A machine-rendered reading of the paper's core claim, the machinery that carries it, and where it could break.

The paper seeks to improve aggressive low-bit post-training quantization by pairing quantized weights with a low-rank correction of the form Q + LR while respecting finite-alphabet and bounded-rank constraints. It first derives information-theoretic lower bounds on the layer-wise reconstruction objective ||XW - X(Q + LR)||_F^2. The proposed algorithm augments the calibration Hessian so that the low-rank term is optimized jointly with the quantized weights inside a single GPTQ-style pass. When the low-rank factor is set to the top right singular vectors of the calibration matrix, the resulting error bounds scale with the residual norm ||X - X_r||_F^2 rather than the full ||X||_F^2, and these bounds are shown to match the lower bounds in dominant scaling under natural structural assumptions on the data or weights.

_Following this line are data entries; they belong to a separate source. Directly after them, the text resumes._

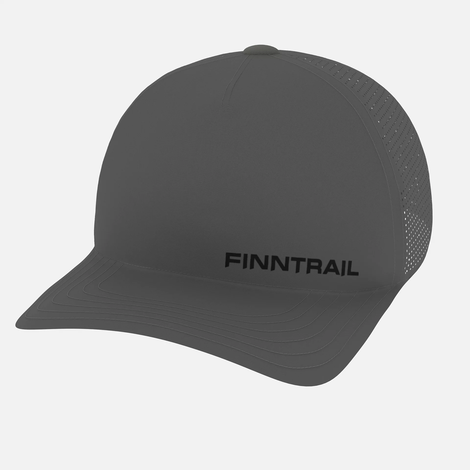 Lightweight Spinner cap made from moisture-wicking fabric with laser-cut side and back panels for enhanced breathability. It features a sturdy curved visor, an inner sweatband to manage excess moisture, and an adjustable plastic snap closure for a comfortable fit.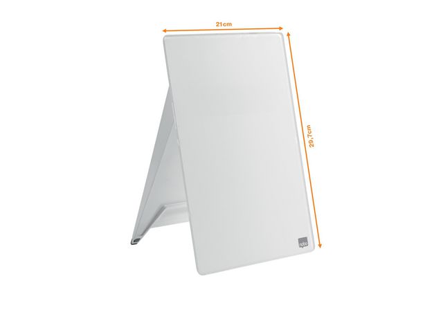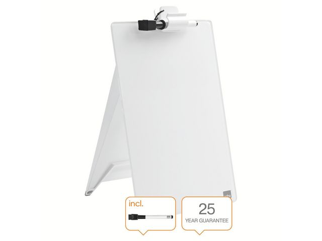 Whiteboardstaffli med glasyta från Nobo® till skrivbord förenar elegant, modern design med maximal funktion. Whiteboardstaffli med glasyta för skrivbord med elegant, modern design med maximal funktion. Staffliets ramfria whiteboardyta har hög motståndskraft mot fläckar och repor. Utmärkt noteringsverktyg, det är bara att skriva, torka, rensa bort och börja om igen. Du kan även använda den praktiska klämman som medföljer för att fästa dokument. En mini Nobo-whiteboardpenna med en taveltorkare på locket medföljer. - Ytmaterial: Glas - Går att använda vanliga WB-pennor - Snygg och funktionell - Ramlös och med whiteboardfunktion - Hög motståndskraft mot bläckfläckar, pennmärken, repor och bucklor. - Enkel rengöring - Speciella egenskaper: Levereras med en mini Nobo whiteboardpenna med en taveltorkare på locket. - Perfekt för skrivbordsanvändning - Tavlan är INTE magnetiskt - 25 års garanti - Mått: 220 x 300 mm - Vikt: 1 kg - Färg: Klarvit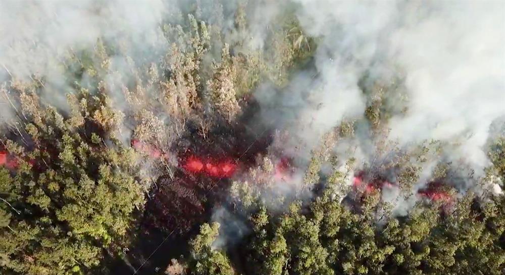 - İnsansız hava aracıyla çekilen görüntülerde, bölgedeki bir yolda oluşan çatlaktan lav püskürdüğü ve yakınlardaki ormanlık alandan aktığı görülüyor.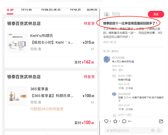 李佳琦的壟斷史最早始于銀泰嬌蘭事件。在2021年,有網友發雙11前發出購買攻略,表示銀泰的嬌蘭等產品,其線下活動比李佳琦直播間更劃算,并且不需要在直播間守候,也不需要搶購。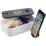 Bento style food storage 2 compartment container with added phone stand. FDA compliant. BPA free. Microwave safe.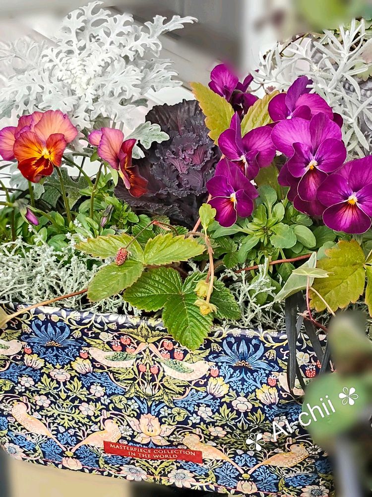 シルバーリーフがしっかり見えることで、寄せ植えの色合いといちご泥棒の鉢の色とのバランスがより良くなって、鉢込み全体を意識して作られたことがよく分かります✨💞
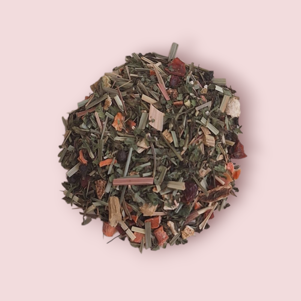 Ingrediënten: Pepermunt, citroengras, wortelstukjes, zoethoutwortels, rozenbottel, citroenschil, zwarte peper.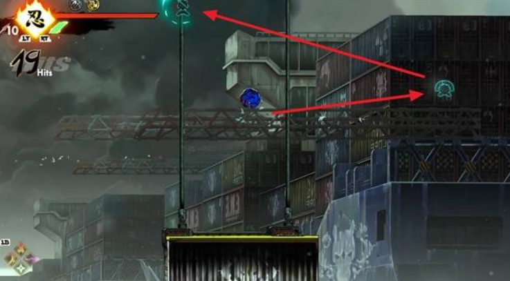 连跳到中间的集装箱,利用集装箱从左上往右下运动形成的高低差,跳到右侧上方集装箱。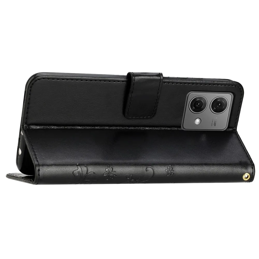 Fekete pénztárca tok Virágok a Motorola Moto G85 5G-hez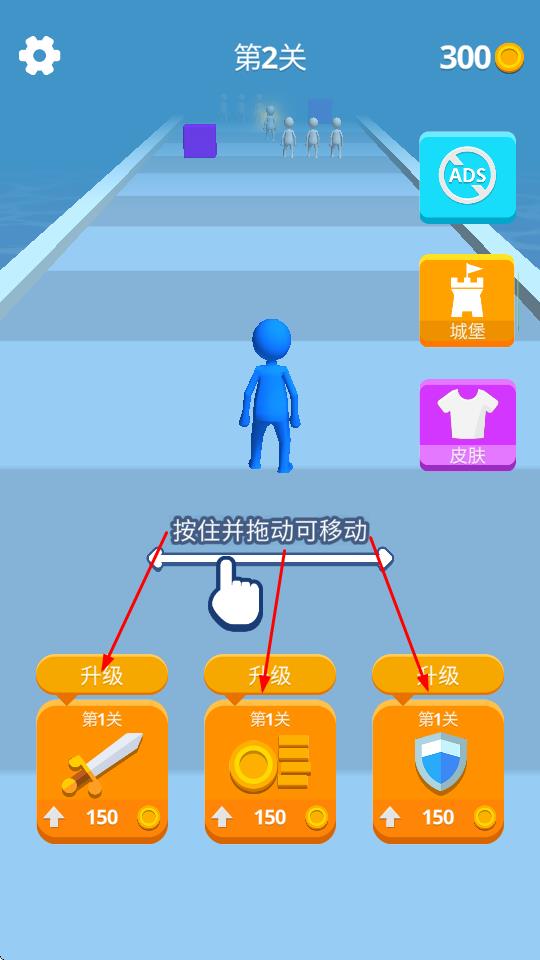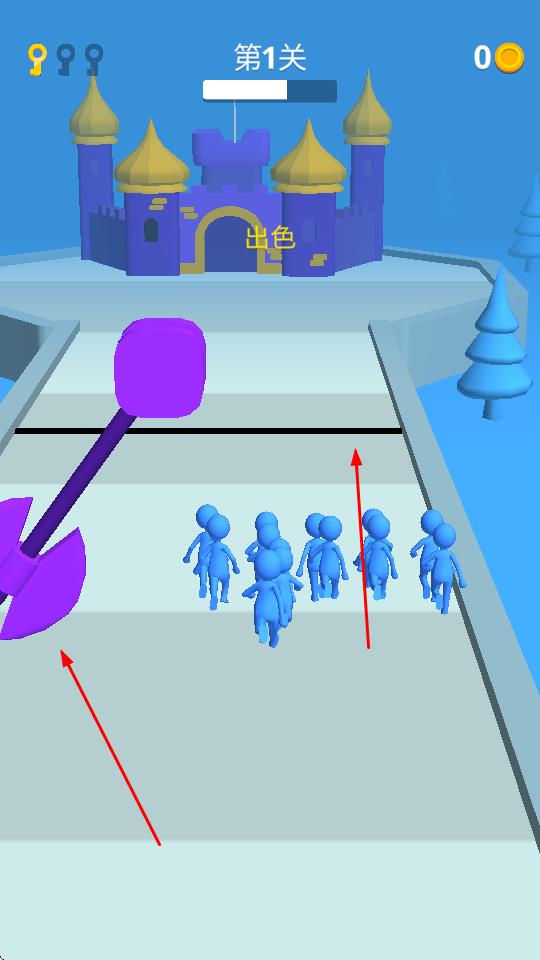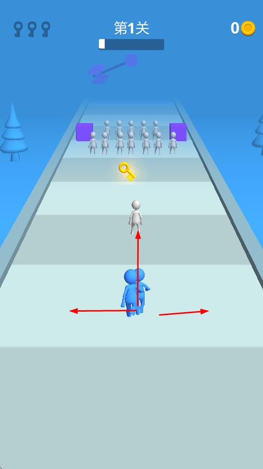 1、在关卡跑道,操控蓝色小人左右移动,选择汇合白色人群的路径,收集钥匙,壮大队伍。

The same framework also supplies a refinement step that alternates quantization and low-rank compensation while guaranteeing non-increasing error.

Core claim

By choosing L equal to the top right singular vectors V_r of the calibration matrix X and incorporating the low-rank compensation directly through Hessian augmentation, the layer-wise reconstruction error admits provable bounds in which the usual GPTQ term proportional to ||X||_F^2 is replaced by a term proportional to the rank-r residual ||X - X_r||_F^2 (up to regularization). Under the paper's natural structural assumptions these bounds match the information-theoretic lower bounds in their leading scaling, up to constants and mild factors. The algorithm remains training-free and is accompanied by the Bid-Up refinement procedure that alternates optimal low-rank compensation with fixed-grid

What carries the argument

GPTQ-intrinsic LoRA, the procedure that augments the calibration Hessian to embed the low-rank correction L = V_r inside the quantization pass itself.

If this is right

  • The combined quantization-plus-low-rank representation can be realized in one training-free pass rather than sequential quantization followed by separate low-rank compensation.
  • Layer-wise error becomes controlled by the rank-r residual of the calibration matrix instead of its full Frobenius norm.
  • Alternating Bid-Up refinement with low-rank compensation produces a sequence of approximations with strictly non-increasing reconstruction error.
  • Empirical gains appear on both language models (Qwen3) and vision transformers (DeiT) relative to plain GPTQ and to GPTQ followed by post-hoc low-rank correction.

Where Pith is reading between the lines

These are editorial extensions of the paper, not claims the author makes directly.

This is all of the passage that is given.